Applying the convexified subdifferential estimates (7.5.3) from Theorem 7.5.1 to the optimal value function (7.8.1) allows us to find multipliers ν ₁, …, ν _r satisfying the sign and complementary slackness conditions in (7.8.11) that ensure the validity of (7.8.12). To verify finally (7.8.13), we divide (7.8.15) by κ > 0 with keeping the same notation for the scaled multipliers λ _i and μ _j. □

The next section presents an independent set of necessary optimality conditions for optimistic bilevel programs with Lipschitzian data that are obtained without using any convexification while employing instead yet another variational device and subdifferential calculus rule.

7.9 Bilevel Optimization via Subdifferential Difference Rule

Considering the single-level problem (7.8.5), which we are finally dealing with while deriving necessary optimality conditions for optimistic bilevel programs, note that the objective therein contains the difference of two nonsmooth functions.
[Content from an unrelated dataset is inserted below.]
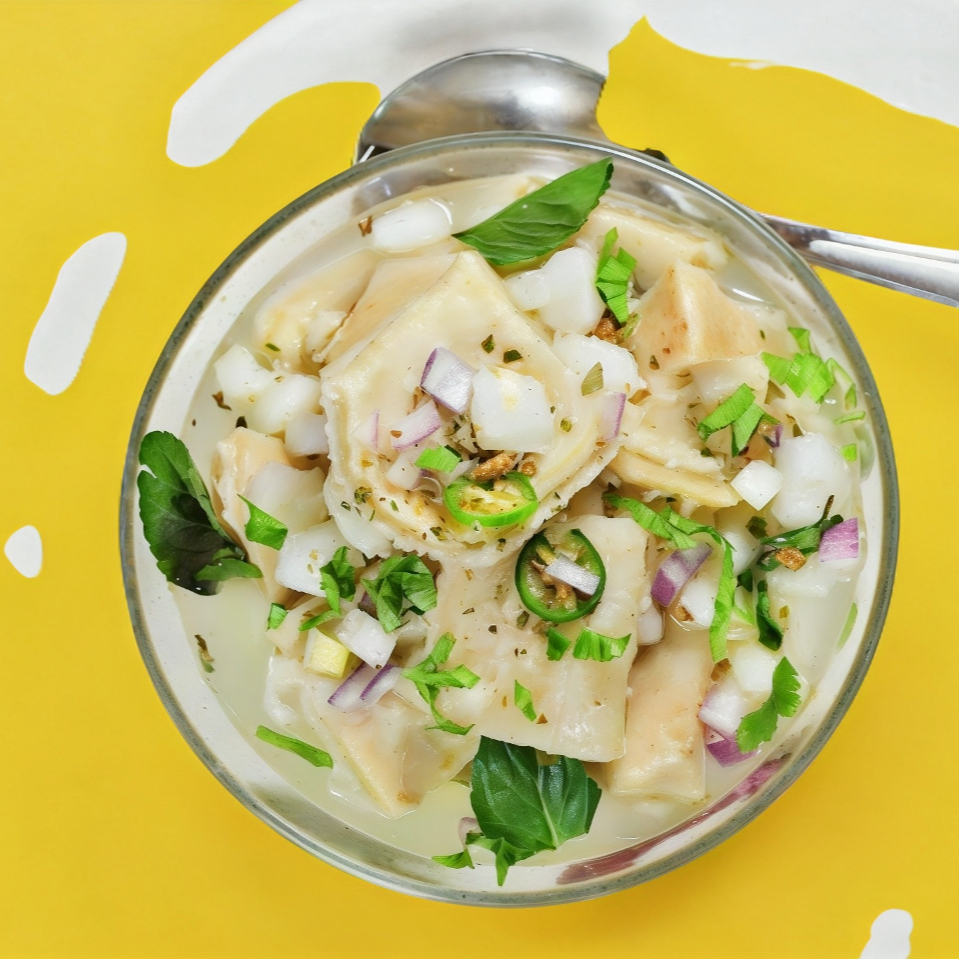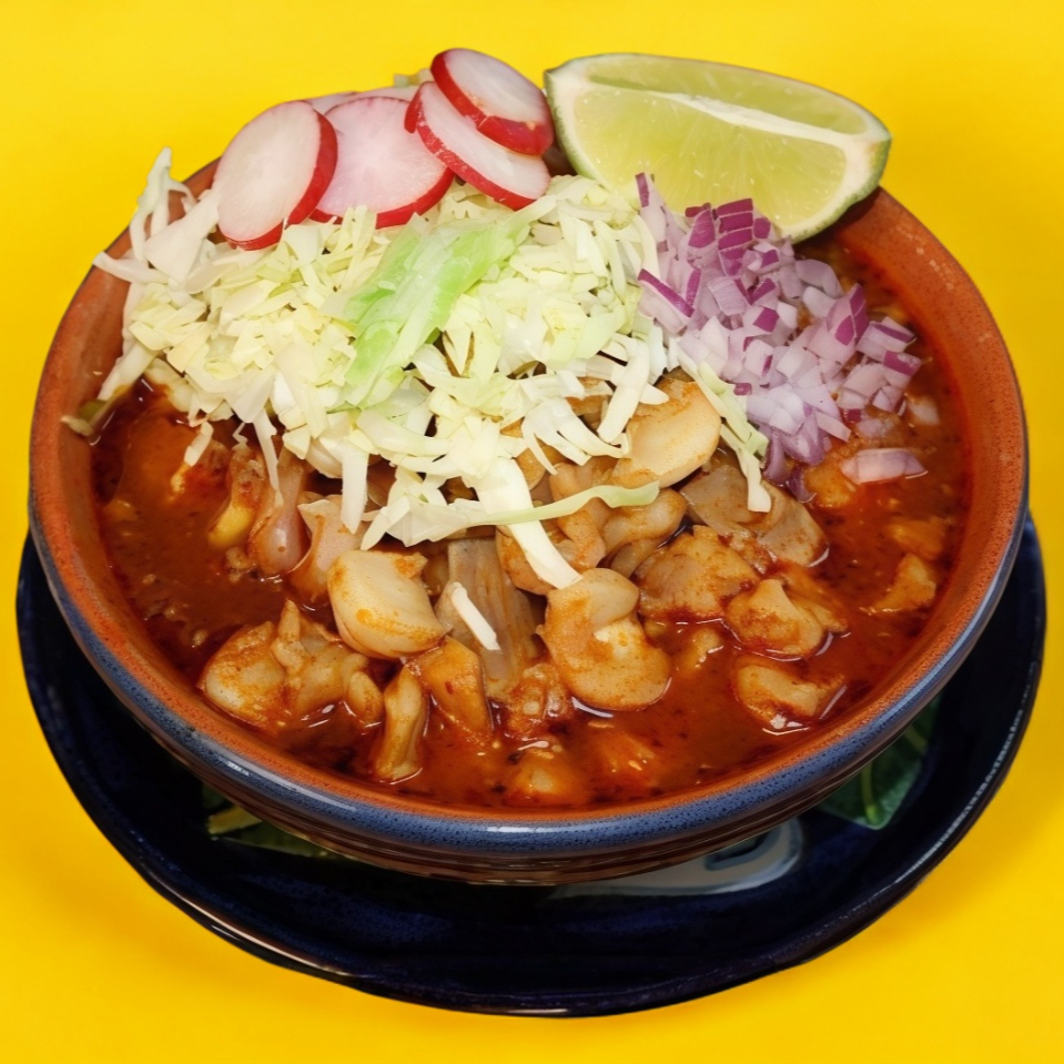 2 Tostadas con lechuga, tomate, cebolla morada, aguacate y queso rallado. Incluye su consomé, Salsa y Crema.
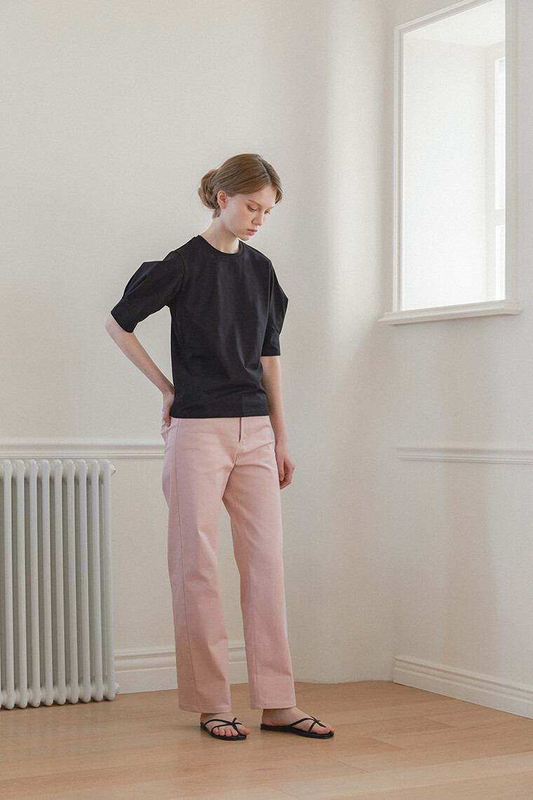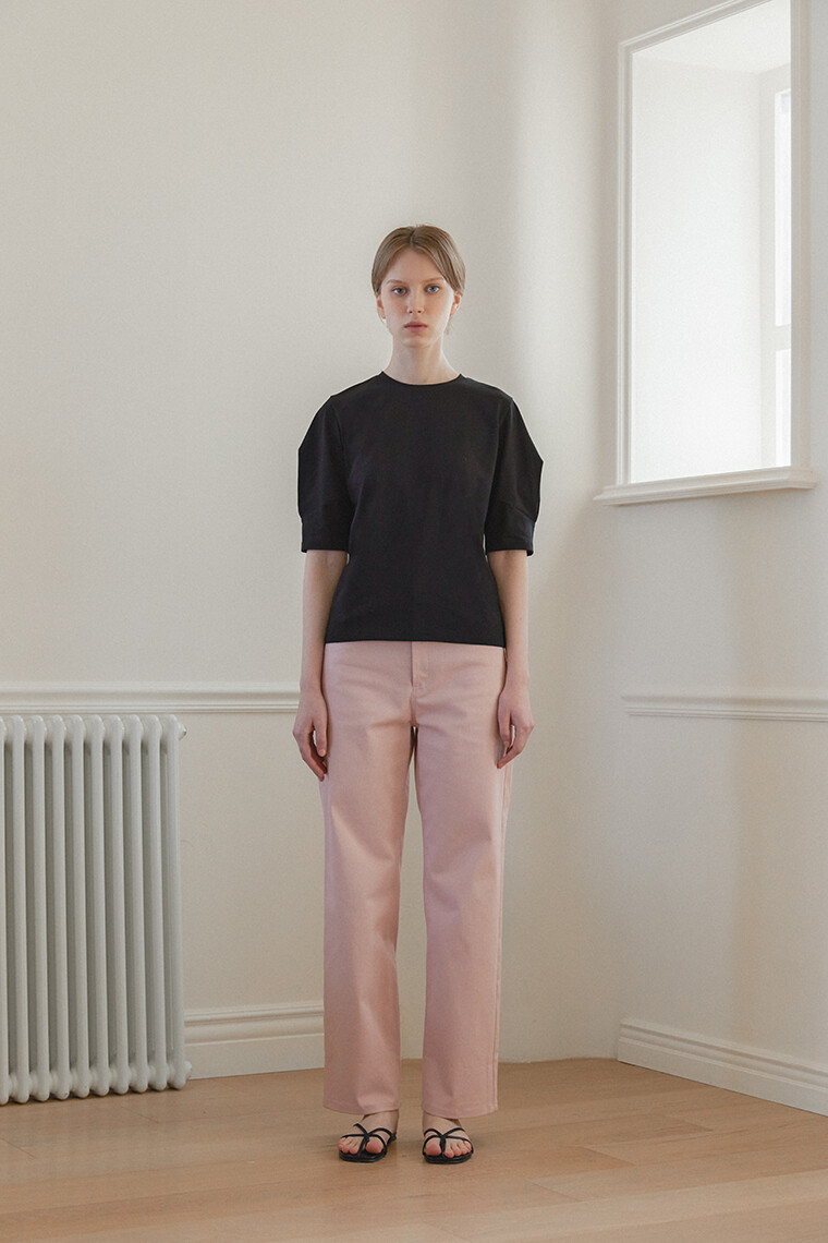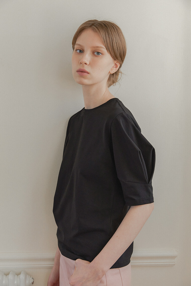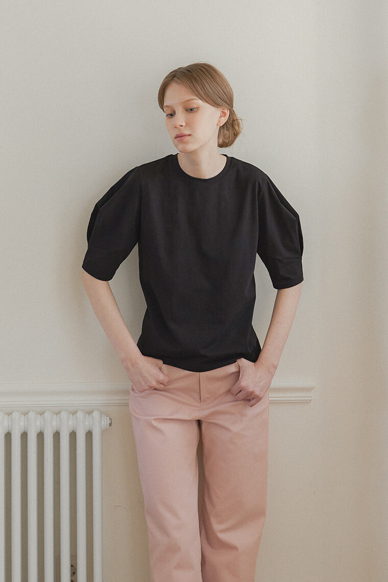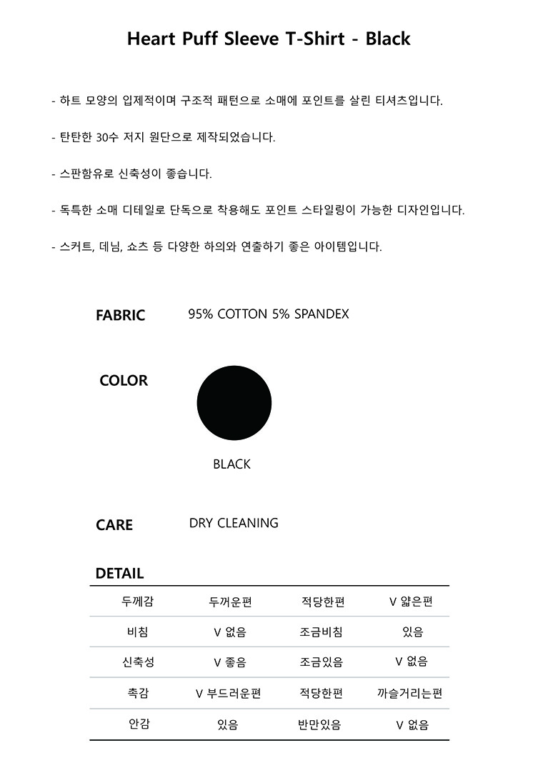 [리오더] Heart Puff Sleeve T-Shirt - Black

The basic subdifferential (7.2.7) does not possesses any special rule for difference of nonsmooth functions, but the regular subdifferential (7.2.11) does, as was first observed in [33] by using a smooth variational description of regular subgradients. Here we employ this approach to establish necessary optimality conditions for Lipschitzian bilevel programs that are different from those in Theorem 7.8.3.
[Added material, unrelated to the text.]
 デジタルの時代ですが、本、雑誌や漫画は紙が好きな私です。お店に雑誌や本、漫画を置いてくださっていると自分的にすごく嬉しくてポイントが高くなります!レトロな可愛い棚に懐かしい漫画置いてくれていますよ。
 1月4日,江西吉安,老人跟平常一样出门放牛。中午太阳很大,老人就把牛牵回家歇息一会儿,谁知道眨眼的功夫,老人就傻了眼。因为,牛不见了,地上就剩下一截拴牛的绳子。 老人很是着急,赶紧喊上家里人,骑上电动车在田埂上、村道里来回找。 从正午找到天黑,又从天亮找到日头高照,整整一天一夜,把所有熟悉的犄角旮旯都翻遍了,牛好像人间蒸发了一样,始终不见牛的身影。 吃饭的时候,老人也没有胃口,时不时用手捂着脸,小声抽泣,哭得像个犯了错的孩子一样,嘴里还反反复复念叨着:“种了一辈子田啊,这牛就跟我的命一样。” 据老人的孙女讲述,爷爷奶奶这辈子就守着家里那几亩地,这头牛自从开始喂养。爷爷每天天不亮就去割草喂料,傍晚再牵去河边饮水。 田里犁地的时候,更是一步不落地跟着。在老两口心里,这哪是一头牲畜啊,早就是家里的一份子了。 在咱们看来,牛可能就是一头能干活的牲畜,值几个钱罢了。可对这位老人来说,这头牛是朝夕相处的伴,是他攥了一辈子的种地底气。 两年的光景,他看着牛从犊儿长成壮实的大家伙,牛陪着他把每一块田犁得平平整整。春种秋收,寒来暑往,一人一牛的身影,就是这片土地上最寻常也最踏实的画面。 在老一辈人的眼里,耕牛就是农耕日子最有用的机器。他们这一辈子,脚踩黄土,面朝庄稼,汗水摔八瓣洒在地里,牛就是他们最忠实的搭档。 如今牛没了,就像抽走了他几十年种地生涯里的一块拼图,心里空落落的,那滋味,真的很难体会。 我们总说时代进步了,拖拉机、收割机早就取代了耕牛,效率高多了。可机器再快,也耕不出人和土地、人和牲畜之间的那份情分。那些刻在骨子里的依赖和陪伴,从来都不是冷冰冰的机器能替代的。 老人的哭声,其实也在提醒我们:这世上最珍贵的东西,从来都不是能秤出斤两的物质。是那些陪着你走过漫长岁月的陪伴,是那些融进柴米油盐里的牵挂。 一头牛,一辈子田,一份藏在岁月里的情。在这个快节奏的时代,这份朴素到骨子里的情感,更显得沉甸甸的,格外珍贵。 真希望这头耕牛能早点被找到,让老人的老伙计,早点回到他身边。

The derivation of these necessary optimality conditions is based on the following two results, which are certainly of their independent interest. The first one provides a smooth variational description of regular subgradients of arbitrary functions $\varphi \colon \mathbb {R}^n\to \overline {\mathbb {R}}$ .

Lemma 7.9.1

Let $\varphi \colon \mathbb {R}^n\to \overline {\mathbb {R}}$ be finite at $\bar {x}$ , and let $v\in \hat \partial \varphi (\bar {x})$ . Then there exists a neighborhood U of $\bar {x}$ and a function $\psi \colon U\to \mathbb {R}$ such that $\psi (\bar {x})=\varphi (\bar {x})$ , that ψ is Fréchet differentiable at $\bar {x}$ with $\nabla \psi (\bar {x})=v$ , and that the difference ψ − φ achieves at $\bar {x}$ its local maximum on U. △

Proof

We proceed geometrically due to the relationship

$\displaystyle \begin{aligned} \hat\partial\varphi(\bar{x})=\big\{v\in\mathbb{R}^n\big|\;(v,-1)\in\hat N\big((\bar{x},\varphi(\bar{x}));\mbox{epi}\,\varphi\big)\big\}, \end{aligned}$

which reduces the claimed assertion to the following: $w\in \hat N(\bar {z};\Omega )$ if and only if there exists a neighborhood U of $\bar {z}$ and a function $\psi \colon \mathbb {R}^n\to \mathbb {R}$ such that ψ is Fréchet differentiable at $\bar {z}$ with $\nabla \psi (\bar {z})=w$ while achieving at $\bar {z}$ its local maximum relative to Ω.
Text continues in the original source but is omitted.